When you reach the line that contains "This script can", begin copying exactly, and continue through the last line of the data; no pictures belong in the copy.

**Recorded information:**
========
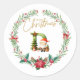 This charming Christmas sticker features a delightful illustration of Santa Claus with an initial alphabet within a Christmas wreath, capturing the essence of the holiday season. The design showcases Santa in his iconic red suit, complete with a fluffy white beard and warm smile, surrounded by festive elements. Adorned with a festive Christmas label, this sticker serves as the perfect greeting for friends and family.
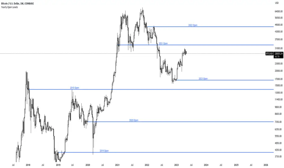 This script can be used in any market that has a yearly open price, such as stocks, futures, forex, and cryptocurrencies. However, it may be most useful in markets that tend to have significant year-to-year price movements, as it can help identify important levels of support and resistance. It may also be most effective in markets with a clear yearly cycle, such as those that tend to be influenced by seasonal factors.
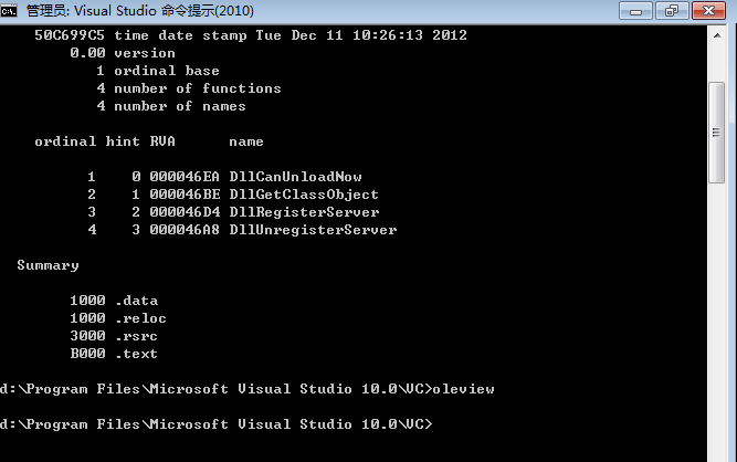 首先电脑上先安装vs2010,然后通过控制台输入以下命令行运行oleview;
========
**Written answer:**
 This script can be used in any market that has a yearly open price, such as stocks, futures, forex, and cryptocurrencies. However, it may be most useful in markets that tend to have significant year-to-year price movements, as it can help identify important levels of support and resistance. It may also be most effective in markets with a clear yearly cycle, such as those that tend to be influenced by seasonal factors.
 首先电脑上先安装vs2010,然后通过控制台输入以下命令行运行oleview;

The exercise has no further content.